*WHAT IS BEING ASKED*. What should be copied is the stretch of entries below from the line with "Fried chicken wings" up to and including the line with "Auch die Proteste", exactly and without images.

(GIVEN DATA Opens)

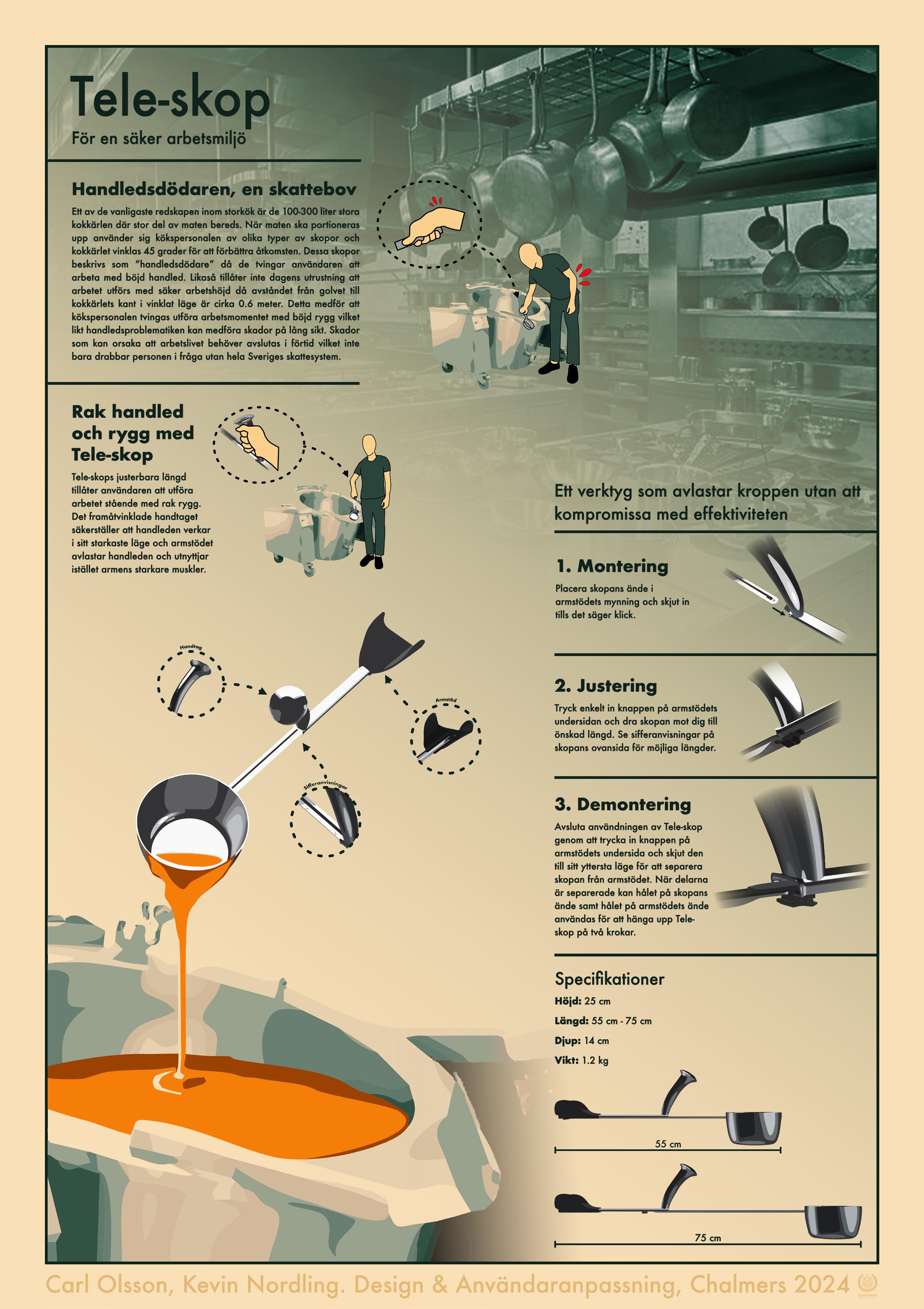 The “Tele-Skop” food scoop was developed as part of a UX Design course focused on identifying unmet user needs through field research. Our team conducted a comprehensive field study in industrial and high school kitchens, observing the workflows of chefs and kitchen staff to discover gaps in their existing tools. Through this study, we identified the need for a more ergonomic, adjustable tool to reduce strain on users’ wrists and backs while maintaining efficiency in their work. The final product is a food scoop designed to alleviate these issues.
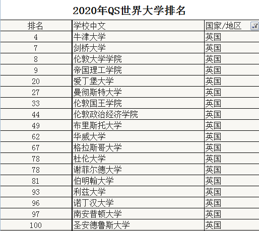 英国最新QS世界排名中进入世界前百强的英国大学有哪些 : 学校名称
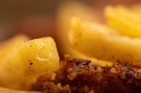 Fried chicken wings and French fries on a plate, close-up, selective focus
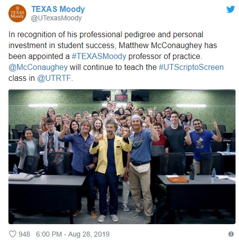 Ο βραβευμένος με Όσκαρ ηθοποιός είναι πλέον και επίσημα μέλος του διδακτικού προσωπικού του Πανεπιστημίου του Τέξας, ως καθηγητής πρακτικής στο Moody College of Communication.
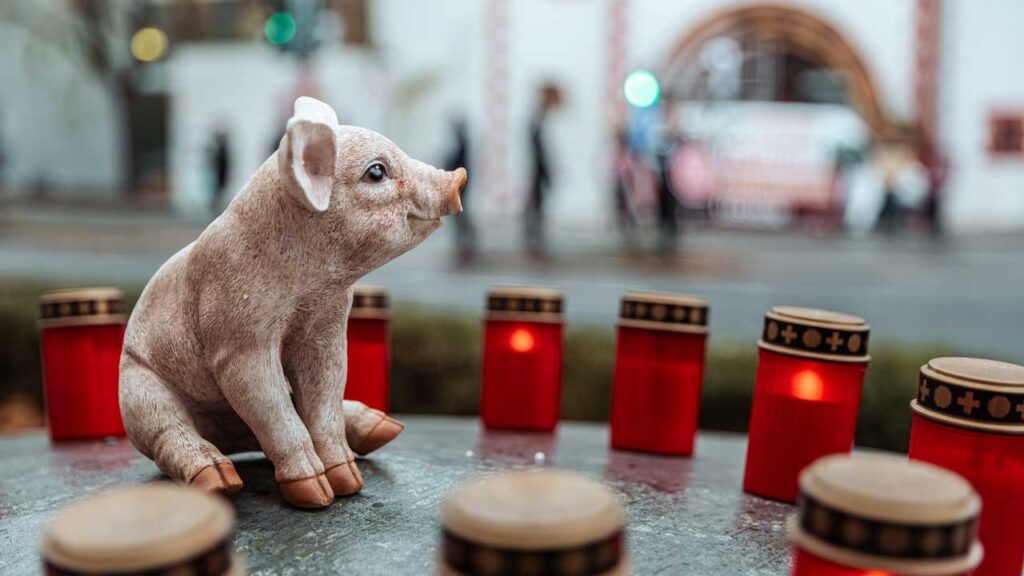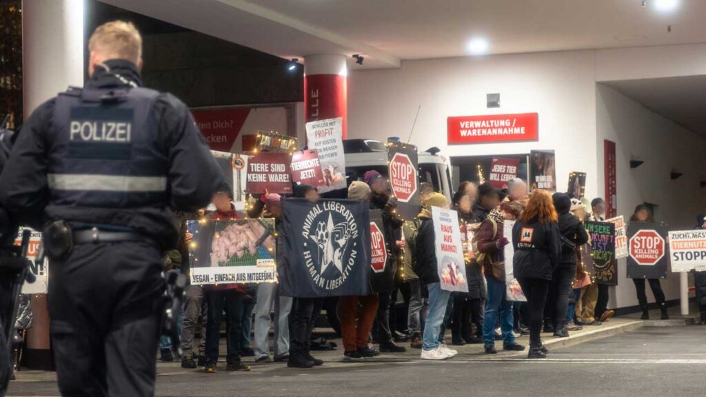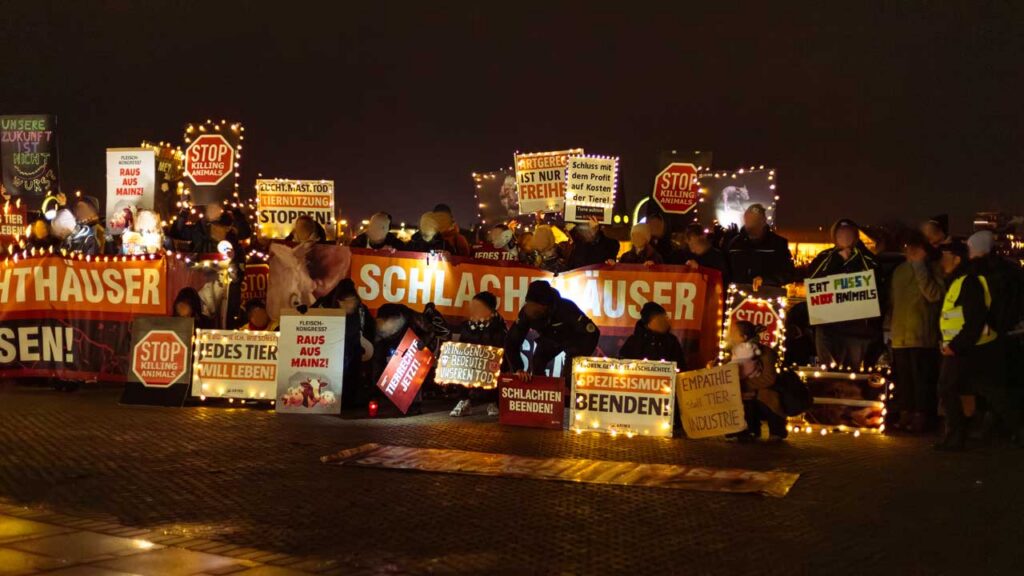 Auch die Proteste gegen den Fleischkongresses konnten dieses Jahr erneut gesteigert werden. „Wir dachten, die Aktionen der letzten Jahre seien nicht zu toppen – aber wir wurden eines besseren belehrt“, so Fili M. euphorisch. Dabei fand die erste Aktion bereits in der Nacht vor dem Kongressbeginn statt: Aktivist*innen dekorierten die Fassade der Rheingoldhalle mit Kunstblut. Mit ihrer Aktion wollten sie das versteckte Leid der Tieren in der Massentierhaltung sichtbar machen: „Die Aktion verdeutlicht die Diskrepanz zwischen der Selbstdarstellung der Branche und den realen Folgen für Tiere, Umwelt und Gesellschaft.“ (mehr dazu)
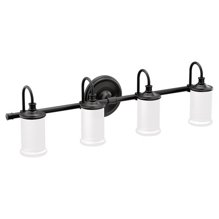 Moen YB6464BL Belfield 4-Light Dual-Mount Bath Bathroom Vanity Light Fixture with Frosted Glass, Matte Black

(GIVEN DATA Closes)

*RESPONSE TO THIS EXERCISE*.
 Fried chicken wings and French fries on a plate, close-up, selective focus
 Ο βραβευμένος με Όσκαρ ηθοποιός είναι πλέον και επίσημα μέλος του διδακτικού προσωπικού του Πανεπιστημίου του Τέξας, ως καθηγητής πρακτικής στο Moody College of Communication.
 Auch die Proteste gegen den Fleischkongresses konnten dieses Jahr erneut gesteigert werden. „Wir dachten, die Aktionen der letzten Jahre seien nicht zu toppen – aber wir wurden eines besseren belehrt“, so Fili M. euphorisch. Dabei fand die erste Aktion bereits in der Nacht vor dem Kongressbeginn statt: Aktivist*innen dekorierten die Fassade der Rheingoldhalle mit Kunstblut. Mit ihrer Aktion wollten sie das versteckte Leid der Tieren in der Massentierhaltung sichtbar machen: „Die Aktion verdeutlicht die Diskrepanz zwischen der Selbstdarstellung der Branche und den realen Folgen für Tiere, Umwelt und Gesellschaft.“ (mehr dazu)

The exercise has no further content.